El régimen reaccionó a las protestas pacíficas con violencia y la represión no ha cedido en el último año. Desde agosto de 2020, más de 35.000 bielorrusos han sido detenidos, varios manifestantes han muerto y más de 2.000 han sido torturados. A 22 de junio de 2021, había 501 presos políticos en Bielorrusia, y el número va en aumento. La represión ha eliminado las manifestaciones callejeras, pero la protesta ha adoptado nuevas formas.

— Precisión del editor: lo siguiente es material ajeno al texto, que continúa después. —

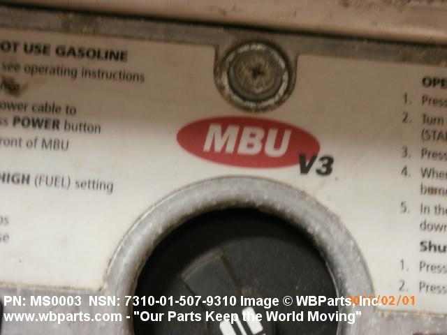 NSN 7310-01-507-9310 MS0003, PD MBU-001, PDMBU001
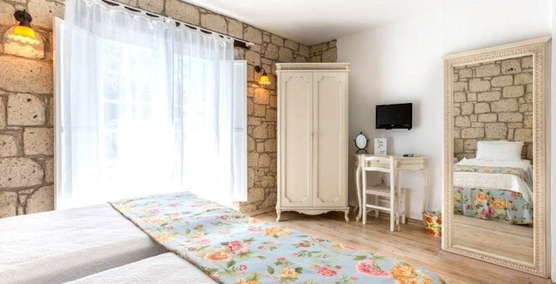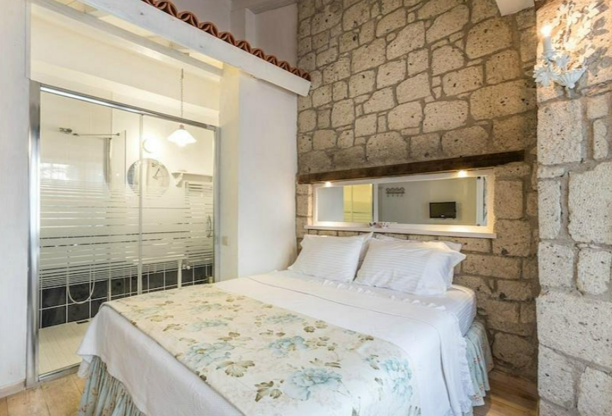 Deluxe odalarımız, Alaçatı’nın büyüleyici atmosferini ve tarihini yansıtan otantik taş duvarlar ve zarif dekorasyonuyla öne çıkar. Geniş pencerelerden süzülen doğal ışık, odalarımızı gün boyunca aydınlatır ve ferah bir ortam sağlar. Modern olanaklarla donatılmış odalarımızda, misafirlerimiz için her detay düşünülmüştür.
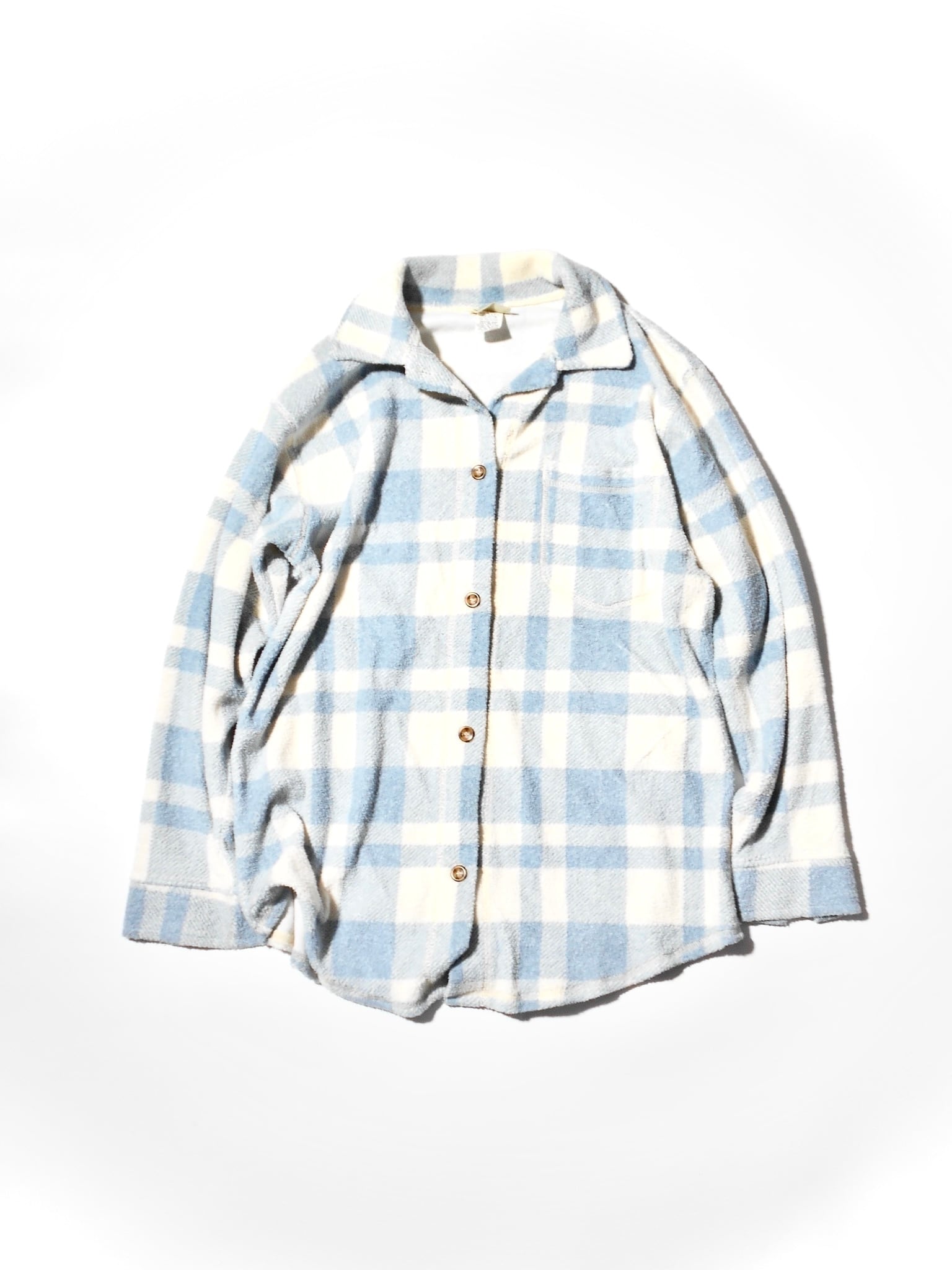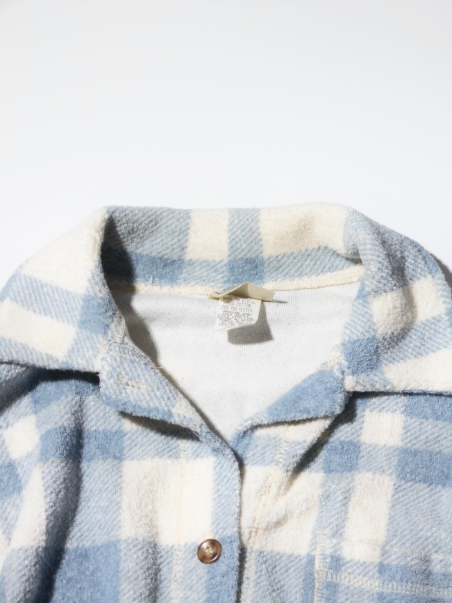 Circa 1980s Vintage L.L.Bean Light Blue& Creme Checked Pile Shirt
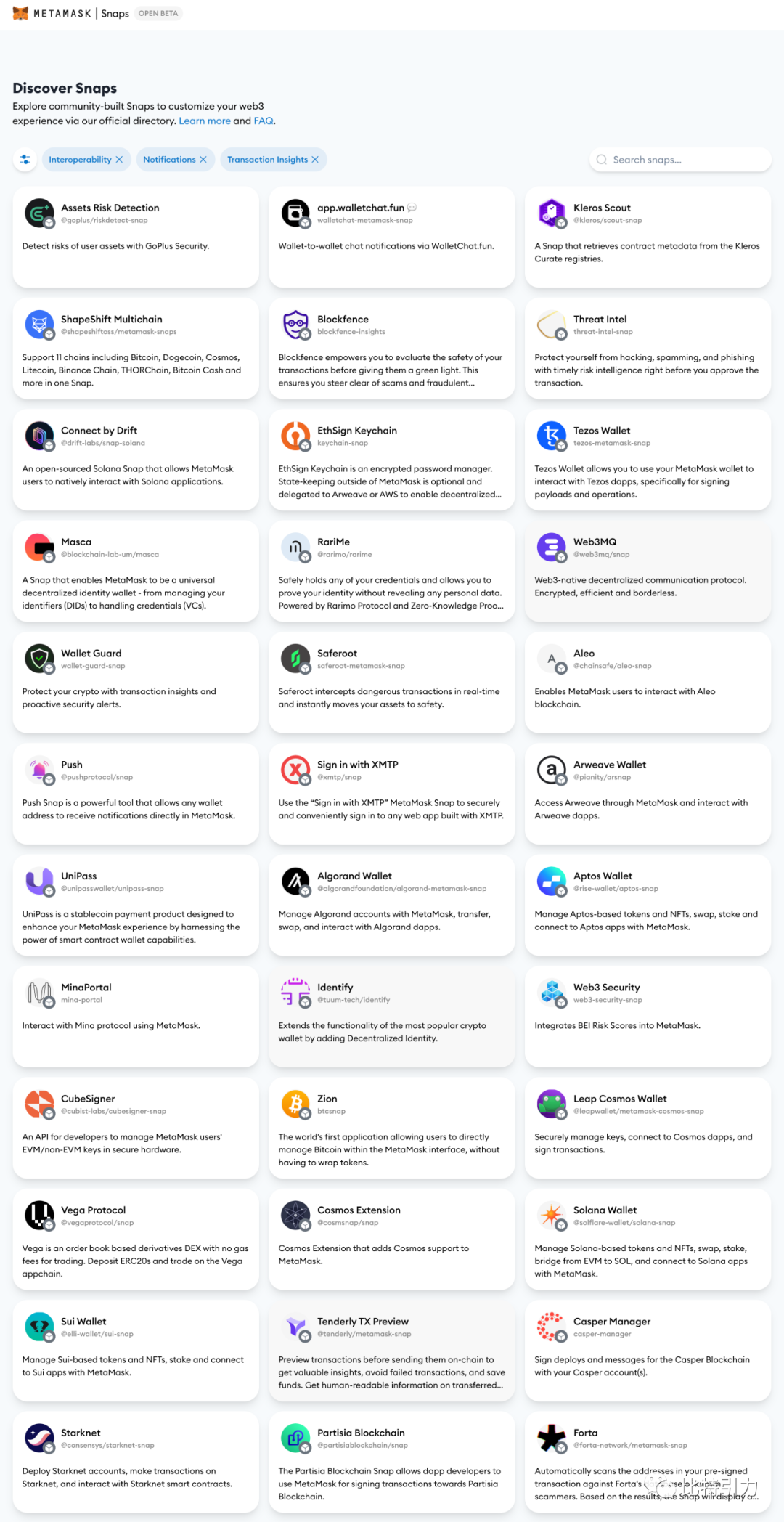 MetaMask Snaps,Web3 钱包版的微信小程序,其实公测版出来了一段时间了。
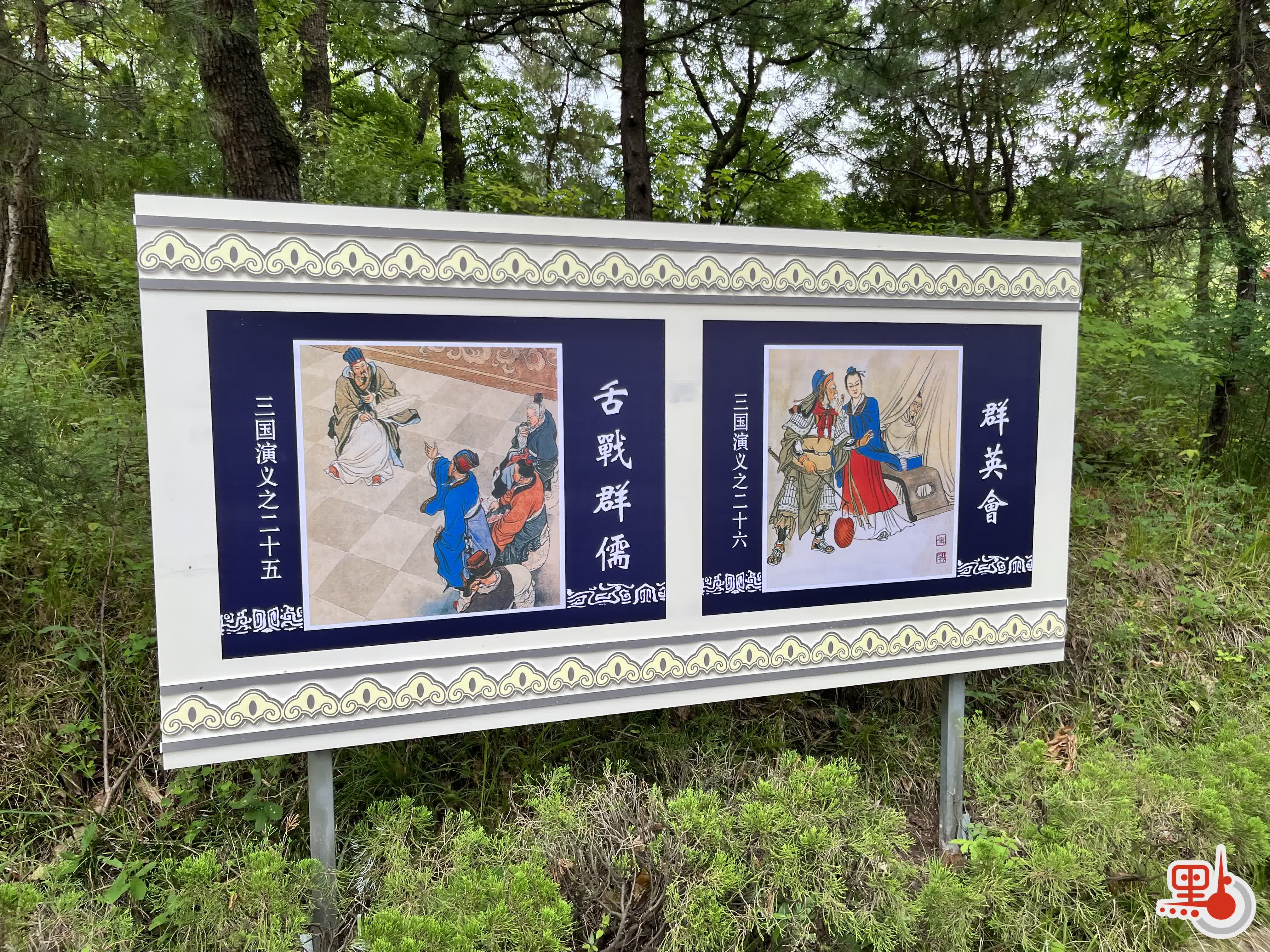 勉縣武侯墓比姜維墓正式隆重的多,這裏有門衛,需要購買入場券,成人票60元人民幣。墓園打理的井井有條,人不多,放眼望去就三兩個。入口處種植了鮮花綠植,沿着小徑立了一個個介紹三國的牌子,上面畫了栩栩如生的圖畫和簡短的介紹,我一個個的看過去,終於走到了墓前。

El otoño pasado se esperaba que el régimen fuera derrocado, pero sobrevivió debido sobre todo a cuatro factores, además de la represión. En primer lugar, el aparato policial se ha mantenido en su mayor parte leal a Lukashenko. Segundo, los miembros del poder vertical –nombrados personalmente por el presidente– también se mantuvieron a su lado. La lealtad se garantizó mediante incentivos financieros, purgas y el nombramiento de agentes de las fuerzas del orden en puestos clave. Tercero, el presidente contaba con el apoyo…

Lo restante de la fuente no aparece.